The addition of caffeine to paracetamol, aspirin (Migliardi et al, 1994 Level I) or ibuprofen
(Diamond et al, 2000 Level II) significantly improved analgesia and a paracetamol‐aspirin‐caffeine
combination was more effective than placebo and all three component drugs alone, in terms
of analgesia outcomes and time to effect (Diener et al, 2005 Level II). IV magnesium was
ineffective in treating acute TTH in the emergency department (Frank et al, 2004 Level II).

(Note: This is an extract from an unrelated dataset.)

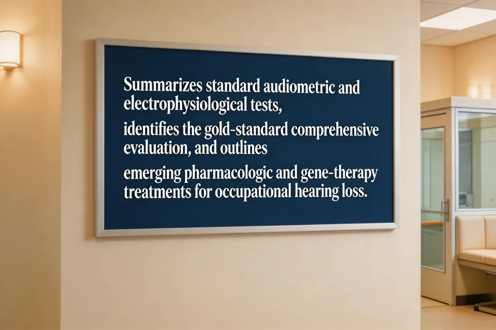 Current options remain advanced digital hearing aids, cochlear implants, and bone‑anchored devices. Emerging therapies include pharmacologic delivery of growth‑factor‑laden nanoparticles to protect inner‑ear cells, Notch‑inhibitor‑driven hair‑cell regeneration, and gene‑therapy approaches such as CRISPR‑based editing. While still investigational, these innovations promise future alternatives to devices, especially for sensorineural loss caused by occupational noise exposure.
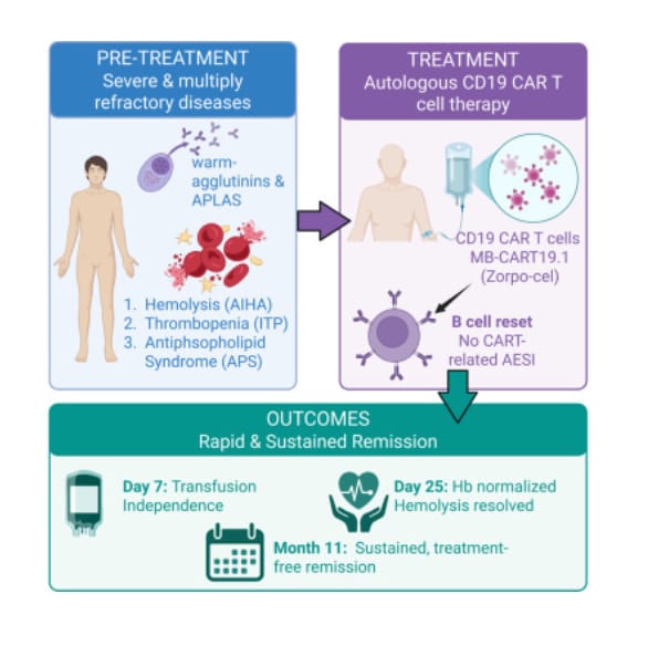 La anemia hemolítica autoinmune (AIHA), la trombocitopenia inmune (ITP) y el síndrome antifosfolipídico (SAF) son enfermedades autoinmunes mediadas por células B y definidas por autoanticuerpos patogénicos. Las células CAR-T dirigidas contra CD19 han demostrado recientemente la capacidad de reiniciar las células B desreguladas e inducir remisiones duraderas en enfermedades autoinmunes sistémicas refractarias. Sin embargo, la evidencia de eficacia en la AIHA grave refractaria al tratamiento es limitada.

Acupuncture is an effective non‐pharmacological intervention in TTH (Linde et al, 2009 Level I).
Migraine
Migraine is common, with a prevalence of 6% to 8% in males and 12% to 14% in females (Evers
et al, 2006). Migraine headache is usually unilateral and is often severe, disabling and worsened
by movement. Nausea, vomiting, photophobia and phonophobia are common and 20% of
migraineurs experience an aura.
Most migraines are successfully managed by the patient and his or her family doctor, with up
to 57% of patients not seeking medical attention for significant attacks (Mitchell et al, 1998).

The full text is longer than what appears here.